Mirzoyan is an author of numerous sculptures and monumental works both in Armenia and abroad. When creating sculptural works, she worked with various materials, including marble, bronze, tuff, porcelain, wood, and basalt.

She was awarded with numerous awards, medals, certificates of honor and prizes from the USSR, the Armenian SSR, Armenia and foreign countries.

== Death ==
Tereza Mirzoyan died on 7 August 2016 at the age of 94.

== Pedagogical career ==
Mirzoyan has devoted more than 55 years to teaching at the Art Institute (now the Yerevan State Academy of Fine Arts). Over the years, Mirzoyan contributed to the artistic, professional and moral education of many generations of Armenian sculptors. Among her students are world-famous sculptors and professional teachers.
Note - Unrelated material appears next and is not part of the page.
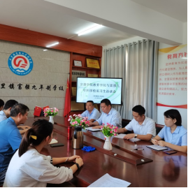 2021年9月14日下午太阳成tyc122cc集团实习指导教师黄路阳、丁高奎到汉滨区五里镇富强九年公司就义务教育优质均衡发展、乡村振兴与乡村教育发展、“双减”工作开展调研,并慰问小学教育专业实习员工,举行实习工作座谈会。富强九年公司李运涛董事长、卜贤参副董事长、荆承虎书记、教务处主任朱婷、各科教师,太阳成tyc122cc集团实习生指导老师黄路阳、丁高奎以及富强小学的4名实习生参加了座谈会。

Mirzoyan was a teacher of Armenian sculptor Zaven Koshtoyan.

== Art ==

- Bronze sculpture of the Armenian singer of songs and dances of the peoples of the world A. Baghdasaryan (National Gallery of Armenia, 1951)
- Bust of the Hero of the Soviet Union U. Avetisyan (Yerevan, 1956)
- Bronze bust of the Armenian healer of the XII century Mkhitar Heratsi (Yerevan)
- Sculpture "Loves me, loves me not" (Yerevan)

== Awards ==

- Honored Artist of the Armenian SSR (1967)
- Honored Art Worker of the Armenian SSR (1986)
- Medal "For Labor Merit" (1956)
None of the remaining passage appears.